* [DATA SHOWN]:
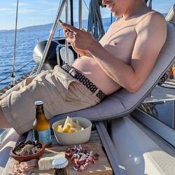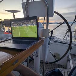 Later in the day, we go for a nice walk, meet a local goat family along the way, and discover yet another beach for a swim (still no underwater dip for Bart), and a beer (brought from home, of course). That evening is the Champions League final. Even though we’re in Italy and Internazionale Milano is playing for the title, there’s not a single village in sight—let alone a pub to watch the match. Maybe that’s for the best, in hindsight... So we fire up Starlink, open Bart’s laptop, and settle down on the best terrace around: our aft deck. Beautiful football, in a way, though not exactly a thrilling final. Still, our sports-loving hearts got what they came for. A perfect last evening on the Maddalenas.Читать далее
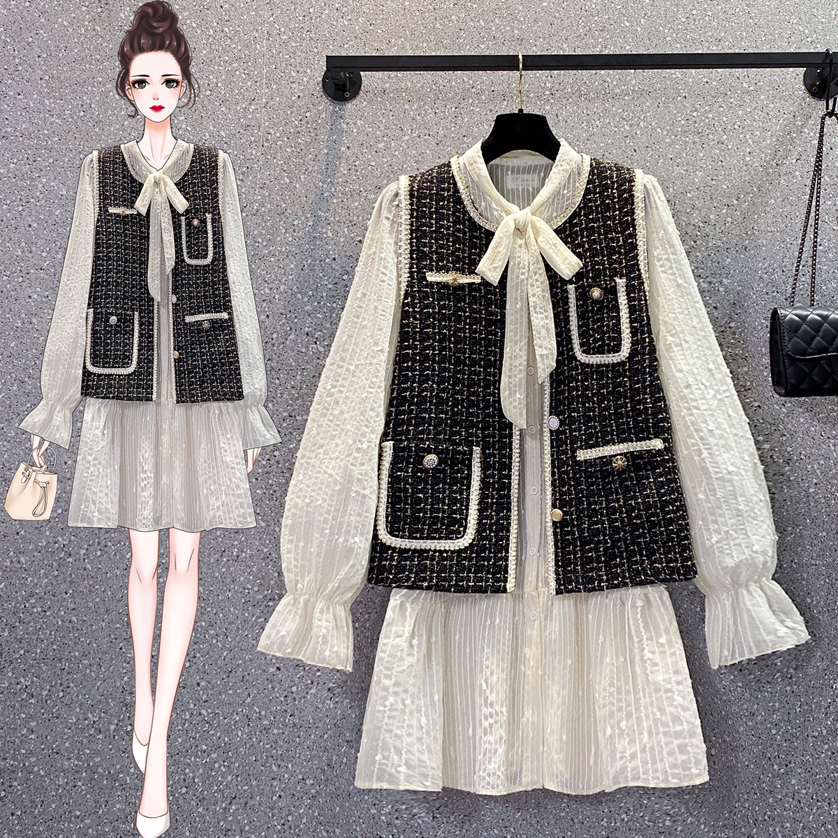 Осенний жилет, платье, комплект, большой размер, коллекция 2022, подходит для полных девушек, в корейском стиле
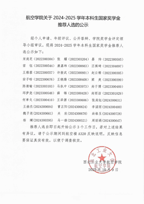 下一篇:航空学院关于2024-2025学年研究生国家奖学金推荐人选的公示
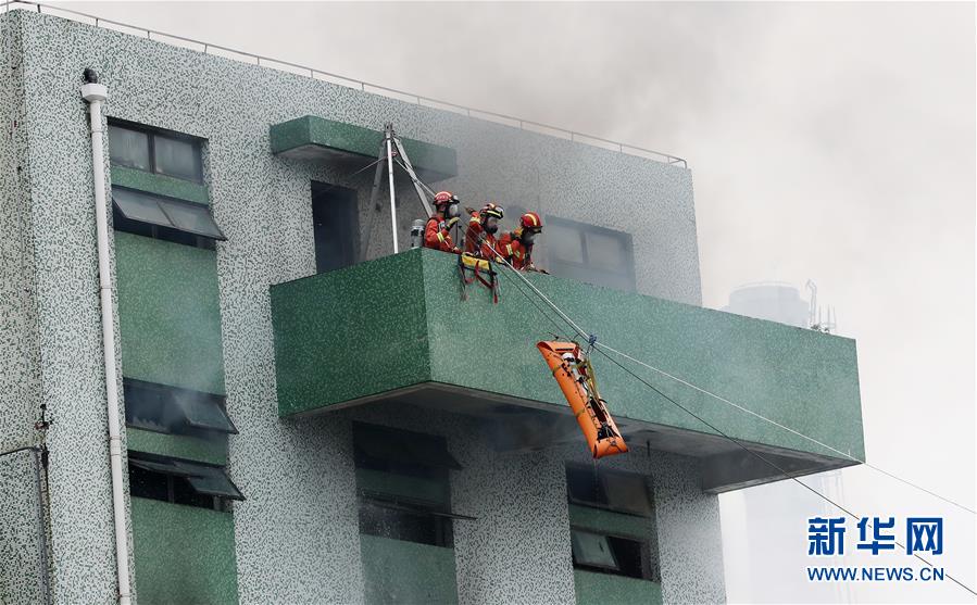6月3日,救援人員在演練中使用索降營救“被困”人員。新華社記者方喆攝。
--
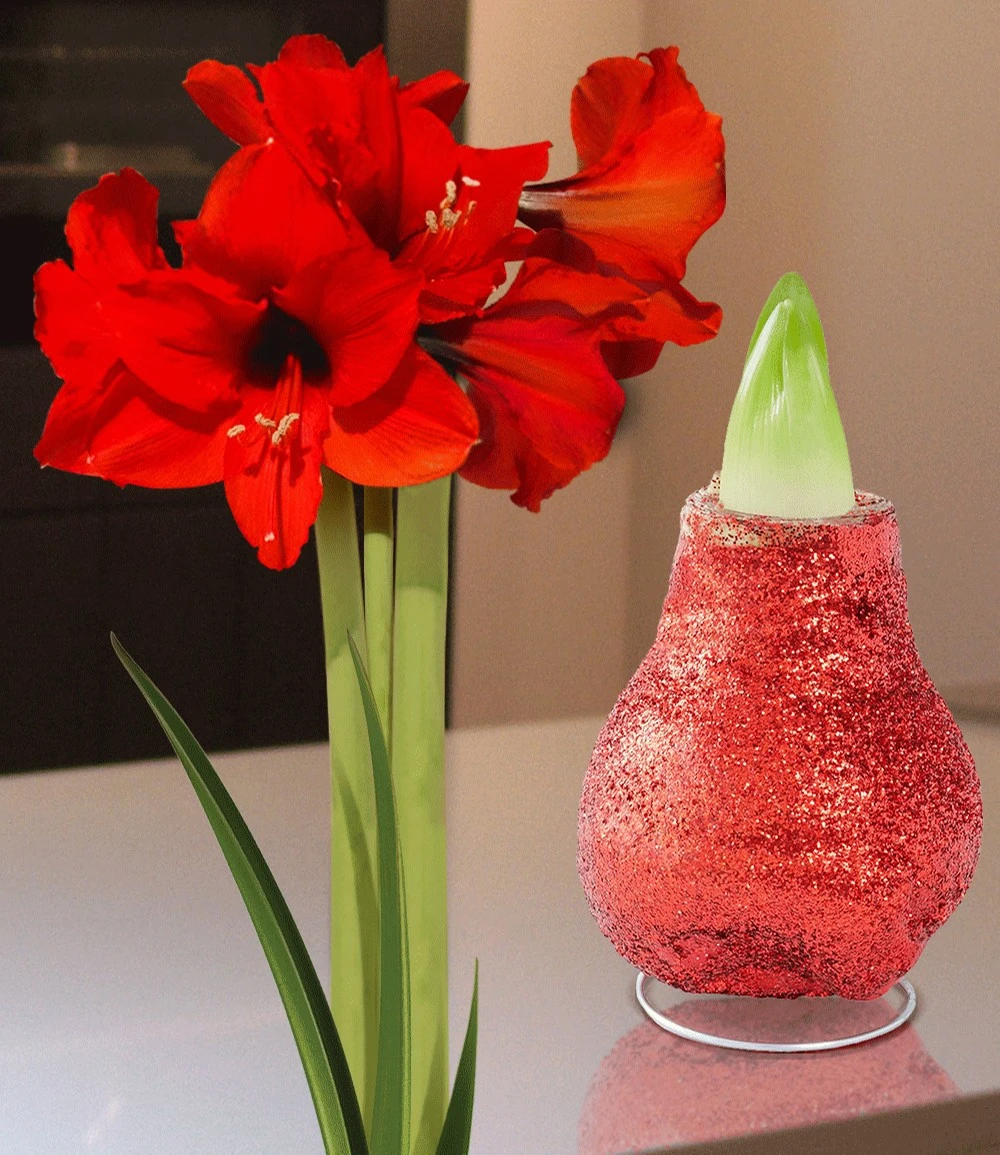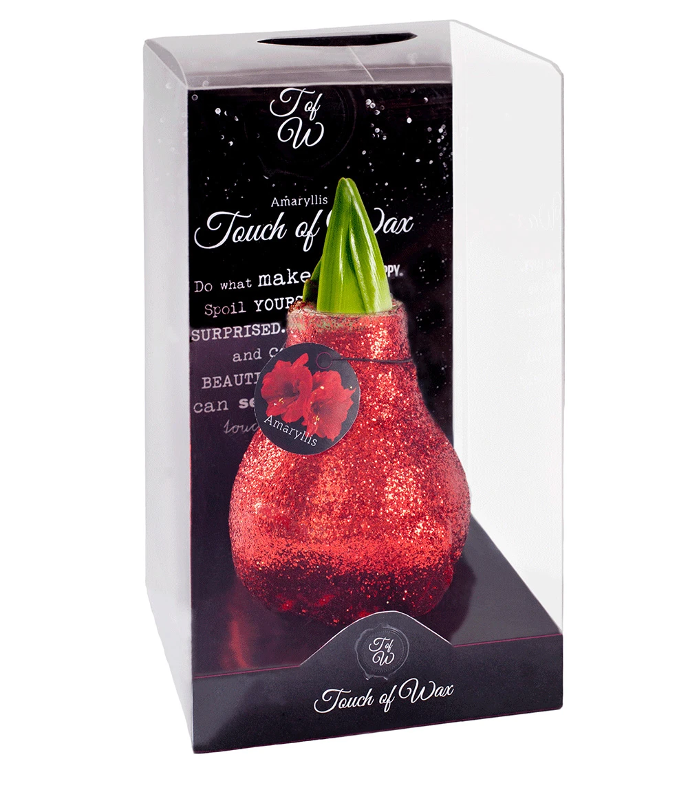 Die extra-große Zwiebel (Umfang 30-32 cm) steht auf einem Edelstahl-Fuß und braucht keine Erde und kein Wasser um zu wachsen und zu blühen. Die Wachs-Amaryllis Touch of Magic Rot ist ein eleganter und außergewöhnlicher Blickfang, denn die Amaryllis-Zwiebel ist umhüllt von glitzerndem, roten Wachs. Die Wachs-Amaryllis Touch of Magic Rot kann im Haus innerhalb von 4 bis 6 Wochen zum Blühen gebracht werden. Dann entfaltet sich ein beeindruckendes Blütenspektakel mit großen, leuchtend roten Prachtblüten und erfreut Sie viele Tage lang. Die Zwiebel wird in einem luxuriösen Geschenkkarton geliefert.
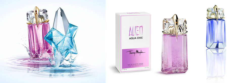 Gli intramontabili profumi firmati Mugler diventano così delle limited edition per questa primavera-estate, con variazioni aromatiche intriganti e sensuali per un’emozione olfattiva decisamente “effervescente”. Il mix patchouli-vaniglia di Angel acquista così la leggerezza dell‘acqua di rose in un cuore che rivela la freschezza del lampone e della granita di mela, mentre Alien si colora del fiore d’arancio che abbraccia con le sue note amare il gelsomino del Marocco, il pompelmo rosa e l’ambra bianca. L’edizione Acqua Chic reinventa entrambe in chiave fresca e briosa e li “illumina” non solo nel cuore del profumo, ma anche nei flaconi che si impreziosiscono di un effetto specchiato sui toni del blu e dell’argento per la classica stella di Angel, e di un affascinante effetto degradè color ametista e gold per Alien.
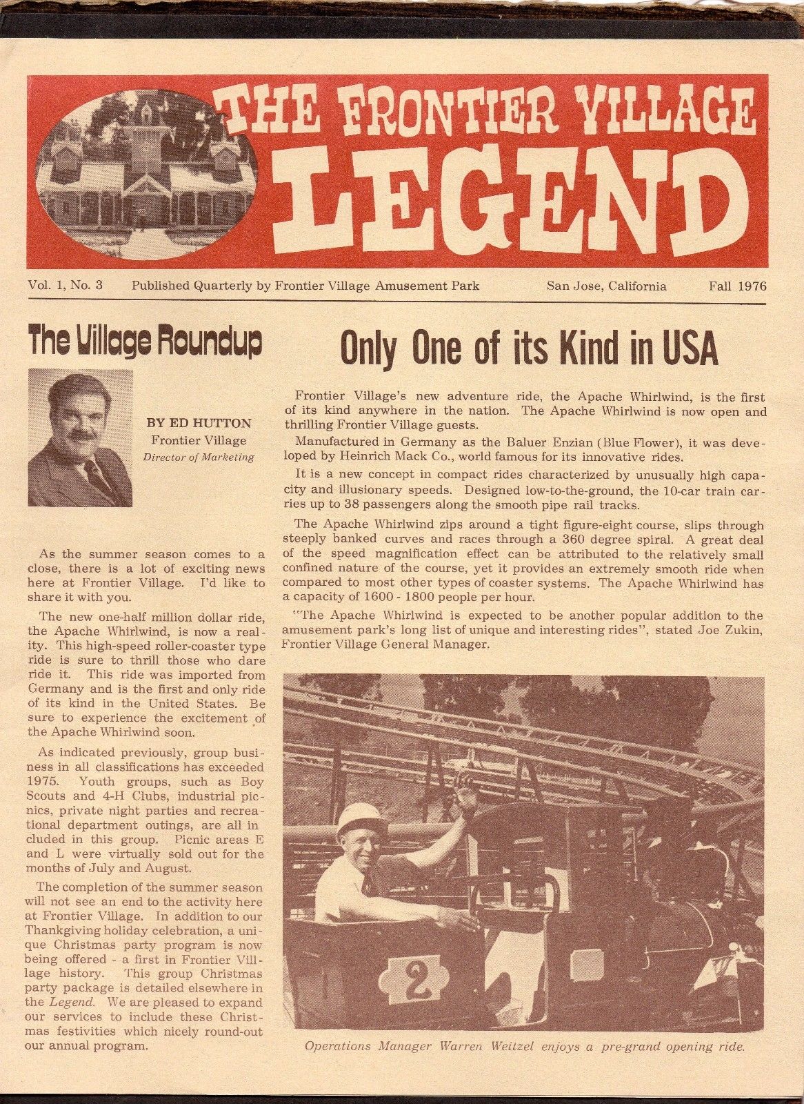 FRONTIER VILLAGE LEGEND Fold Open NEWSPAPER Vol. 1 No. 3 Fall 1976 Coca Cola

* [WHAT YOU HAVE TO DO]: Working from the records above, set down word for word everything from the line containing "Gli intramontabili profumi" down to the line containing "FRONTIER VILLAGE LEGEND", ends included, minus the pictures.

* [ANSWER TO THE EXERCISE]:
 Gli intramontabili profumi firmati Mugler diventano così delle limited edition per questa primavera-estate, con variazioni aromatiche intriganti e sensuali per un’emozione olfattiva decisamente “effervescente”. Il mix patchouli-vaniglia di Angel acquista così la leggerezza dell‘acqua di rose in un cuore che rivela la freschezza del lampone e della granita di mela, mentre Alien si colora del fiore d’arancio che abbraccia con le sue note amare il gelsomino del Marocco, il pompelmo rosa e l’ambra bianca. L’edizione Acqua Chic reinventa entrambe in chiave fresca e briosa e li “illumina” non solo nel cuore del profumo, ma anche nei flaconi che si impreziosiscono di un effetto specchiato sui toni del blu e dell’argento per la classica stella di Angel, e di un affascinante effetto degradè color ametista e gold per Alien.
 FRONTIER VILLAGE LEGEND Fold Open NEWSPAPER Vol. 1 No. 3 Fall 1976 Coca Cola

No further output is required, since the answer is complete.